Nos primeiros cinco meses deste ano, a Ouvidoria da Polícia de São Paulo recebeu 2.214 denúncias e reclamações sobre a atuação de policiais civis e militares no estado. A má qualidade no atendimento à população e o abuso de autoridade são as queixas mais comuns dos cidadãos envolvendo as duas forças. Já especificamente sobre a Polícia Militar, os homicídios praticados pelos agentes são a queixa principal, com 17% do total das denúncias.
Em entrevista à Rádio Brasil Atual, o ouvidor das polícias de São Paulo, Benedito Mariano, alega que o mau atendimento prestado à população se deve à falta de estrutura e investimento. “Hoje, o estado de São Paulo tem pelo menos 300 municípios que não têm delegados de polícia”. Sobre a letalidade policial, o órgão afirma que está prestes a lançar pesquisa específica sobre o tema.
Junto com o balanço das reclamações, e elogios – que somam 272 –, o relatório produzido pelo ouvidorconta com oito sugestões que foram encaminhadas ao governador Márcio França (PSB). A principal proposta pede a implementação de um piso salarial estadual para as polícias. Outras propostas se relacionam com o fortalecimento da Corregedoria, para coibir abusos, e o aumento do efetivo das Polícias Civil e Científica, para melhorar a qualidade do atendimento e a resolução de crimes.
“O relatório revela aquilo que o a gente já sabe e o governo insiste em não ver”, afirma o professor de Estudos Organizacionais da FGV-EAESP Rafael Alcadipani, que há anos acompanha o trabalho policial em São Paulo.

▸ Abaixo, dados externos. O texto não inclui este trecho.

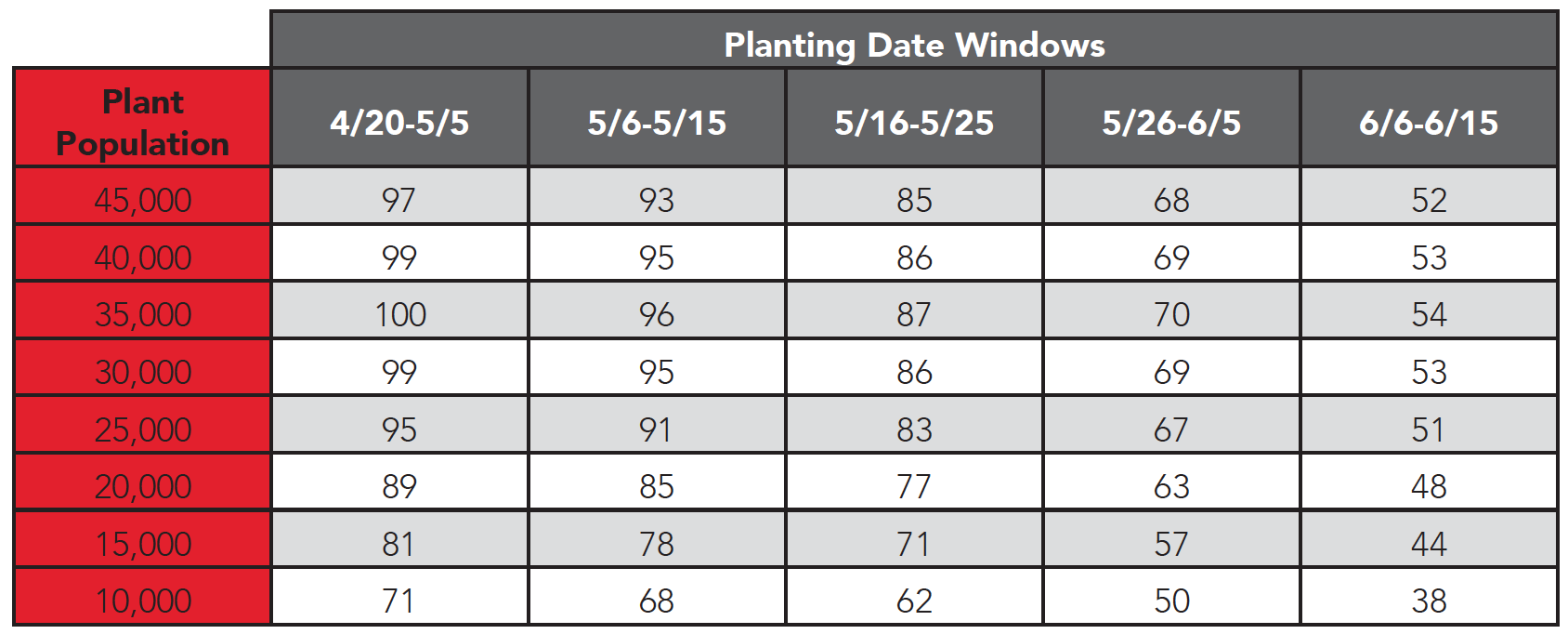 Table 2. Percentage of maximum yield potential for various planting dates and populations

Sobre os assassinatos cometidos por agentes da segurança pública, ele diz é que é resultado da “cultura informal da violência” e da impunidade dos envolvidos.

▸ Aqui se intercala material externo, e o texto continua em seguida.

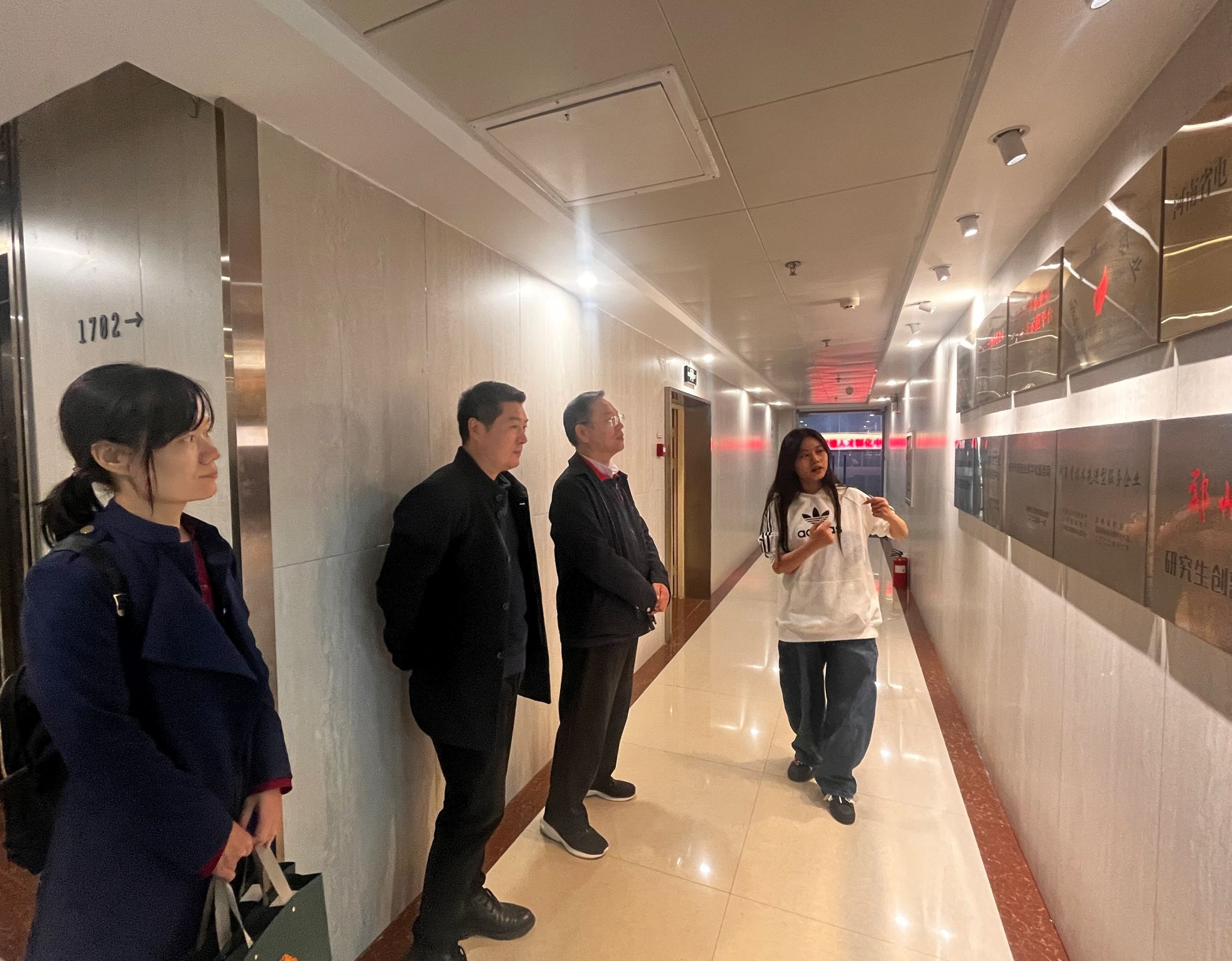 张金安一行参观了企业办公环境,深入了解公司在跨境电商智能营销、独立站建设、全球数字推广等领域的技术实力与业务布局,与在易赛诺工作的升达毕业生亲切交流,鼓励大家好好工作,发扬升达精神,并合影留念。

“A Polícia Militar, que mata assustadoramente, tem uma boa formação. O problema é a cultura informal, que impera em vários grupos que incentivam a letalidade. Eles têm aulas de direitos humanos, ótimas academias de padrão internacional. Mas a gente tem o que a gente chama de 'currículo não dito'. O agente aprende direitos humanos na academia de polícia e, no dia a dia, o superior diz 'esquece tudo isso que você aprendeu na academia'”, explica Rafael.
Esse código implícito de conduta valoriza, por exemplo, o policial que sai 'à caça' de criminosos pelas ruas em viaturas apagadas, quando, na verdade, deveria realizar o policiamento preventivo, mais próximo das pessoas. Segundo Rafael, o policial deve ser visto como um agente de segurança, e não como um combatente das Forças Armadas.
Além de chefes de polícia comprometidos em combater essa “cultura informal”, o professor chama a atenção para a necessidade de atuação mais incisiva do Ministério Público (MP-SP), responsável por apresentar denúncias contra agentes acusados de cometer crimes. “O MP tem que começar a responsabilizar os comandantes dos batalhões individualmente, e não apenas os policiais”.
Segundo ele, a sociedade também é “leniente” com o policial que mata. “Enfrentar essa cultura é tentar mudar a forma como esses caras veem o mundo. É muito difícil conseguir fazer isso. O segundo aspecto é que o Ministério Público, a Justiça e a sociedade, como um todo, acham que matar está certo. Em pesquisas de opinião, pelo menos 50% acham que a polícia tem que matar mesmo, e que 'bandido bom é bandido morto'”.
O professor da FGV diz que a valorização dos salários também é medida importante para tentar atrair melhores quadros para as polícias e combater a desmotivação. Outra questão, segundo ele, é que, melhores remunerações, diminuiriam a pressão para policiais fazerem “bicos” como segurança, garantindo o devido período de descanso, o que também traria impacto na qualidade do atendimento.
Para Alcadipani o fortalecimento das corregedorias, que poderiam funcionar como órgãos disciplinadores e com autonomia em relação aos comandos, é medida importante, mas o ideal, segundo ele, é a criação de corregedorias externas e independentes para cada uma das duas polícias.